By Israel Hayom
JointMedia News Service
As calls are being heard for the Israel Defense Forces to enter Sinai to combat rampant terror there, Cairo sent a clear message on Monday that it will not allow Israeli forces to enter the Egyptian peninsula.
“Egypt will cut off the hand of any aggressor, from within as well as without,” an unnamed senior official in Egypt’s Supreme Military Council said, according to Egyptian website “Masrawy.”
The official reportedly added that the Egyptian leadership was closely monitering developments in Israel following a deadly clash Sept. 21 between Sinai terrorists and Israeli forces on the Sinai border. All three terrorists were killed in the clash, as was one Israeli soldier.

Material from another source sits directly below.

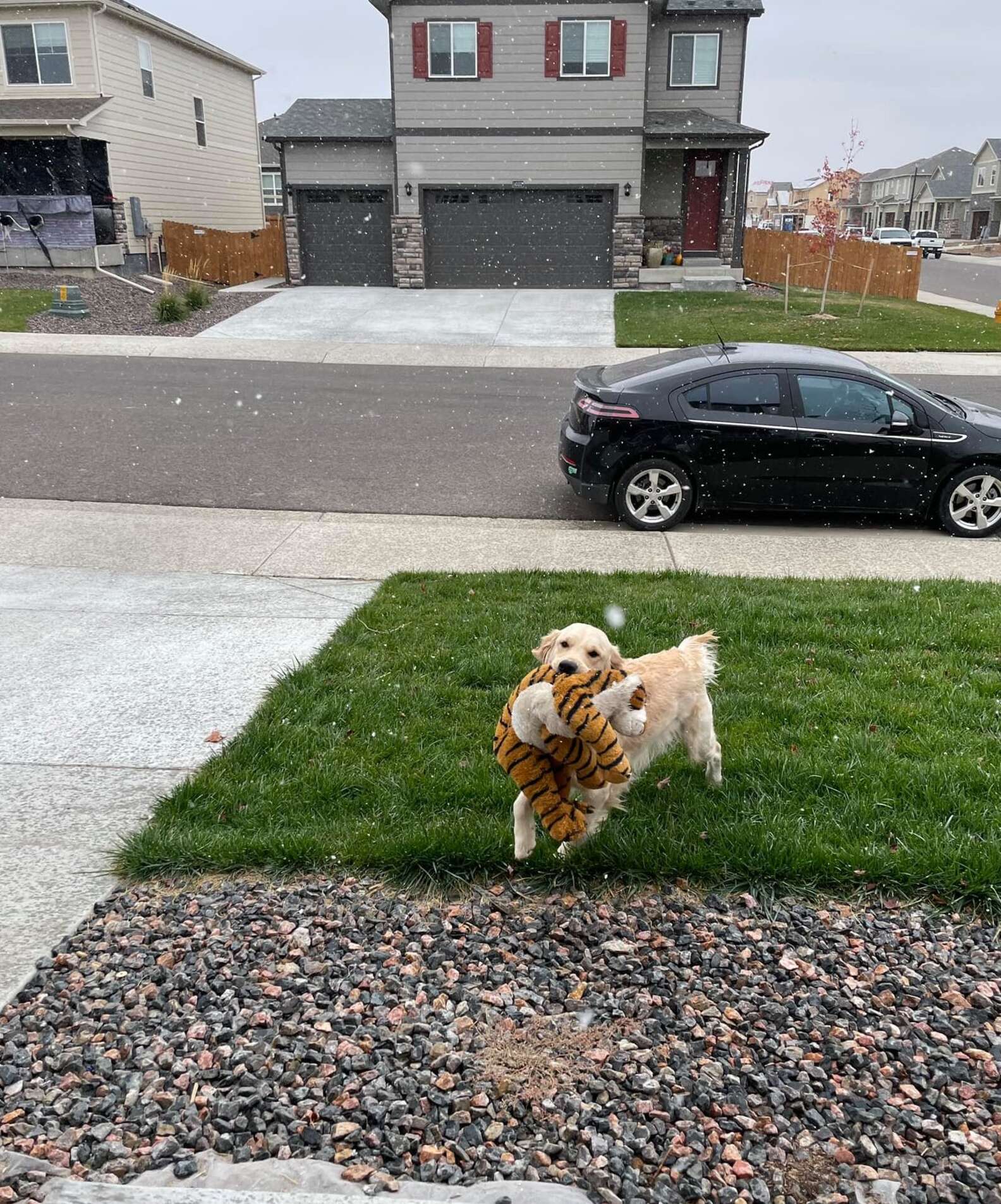 A dog went viral after he became so excited to see snow for the first time that he decided to show the snowflakes to his stuffed toy.

Egypt is “conducting itself wisely and calmly, and will not let anyone harm even one centimeter of Sinai soil,” the official was quoted as saying.
On Sunday, IDF Chief of General Staff Lt. Gen. Benny Gantz remarked that even when Israel completely seals its border with Egypt, the threat of terror emanating from Sinai will not be eliminated.

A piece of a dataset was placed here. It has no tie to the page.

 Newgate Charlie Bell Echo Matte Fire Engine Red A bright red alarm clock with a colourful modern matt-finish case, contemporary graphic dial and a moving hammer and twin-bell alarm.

The chief of staff visited the site of a border infiltration in which Cpl. Netanel Yahalomi was killed Sept. 21, speaking to the men and women posted there, who, killing the terrorists that tried to breach the border, had prevented a likely deadlier attack. “The Sinai border will continue to pose a challenge,” Gantz said at the site. “Tremendous efforts have been invested over the last two years into sealing the border, and it will be sealed, but even then the threat won’t disappear.”
Gantz voiced his appreciation for all the soldiers involved in the incident, saying that “we fighters protect our borders, and sometimes there are clashes. Anyone who chooses to be a fighter knows that this could happen. Netanel moved, made contact, fought and was killed – it could have been any one of you. I am sure that if Netanel was here with us, he would say that we have to go ahead with the mission.”

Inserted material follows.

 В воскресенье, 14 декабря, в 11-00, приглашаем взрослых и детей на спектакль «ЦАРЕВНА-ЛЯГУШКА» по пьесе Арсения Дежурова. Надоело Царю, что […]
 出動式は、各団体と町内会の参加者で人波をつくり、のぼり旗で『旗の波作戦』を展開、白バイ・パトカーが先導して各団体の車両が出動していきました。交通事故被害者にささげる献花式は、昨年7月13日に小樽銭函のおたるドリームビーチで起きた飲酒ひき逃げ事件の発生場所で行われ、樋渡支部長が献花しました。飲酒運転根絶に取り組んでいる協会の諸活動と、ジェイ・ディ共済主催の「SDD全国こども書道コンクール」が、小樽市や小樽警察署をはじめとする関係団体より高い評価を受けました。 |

An initial investigation into the incident has revealed that the late Yahalomi managed to fire several shots at the terrorists before being killed, apparently killing one of them.
Speaking amid rumors that Egypt’s Islamist leaders are planning on re-examining the military appendix of the 1979 Israeli-Egyptian Peace Treaty, Israeli Foreign Minister Avigdor Lieberman flatly rejected any indication Israel would agree.
“There is no chance that Israel will agree to any kind of change” to the peace deal, Lieberman told Israel Radio. “The Egyptians shouldn’t try to delude themselves or delude others and they should not rely on this demand,” he said.
The changes that Lieberman is alluding to are the agreement to limit the amount of Egyptian troops and heavy weapons in the Sinai Peninsula under the treaty. Since the Egyptian Revolution last year, Islamic terrorists have increasingly taken advantage of the region’s lawlessness to launch attacks on Egyptian and Israeli targets, such as the one that transpired Sept. 21.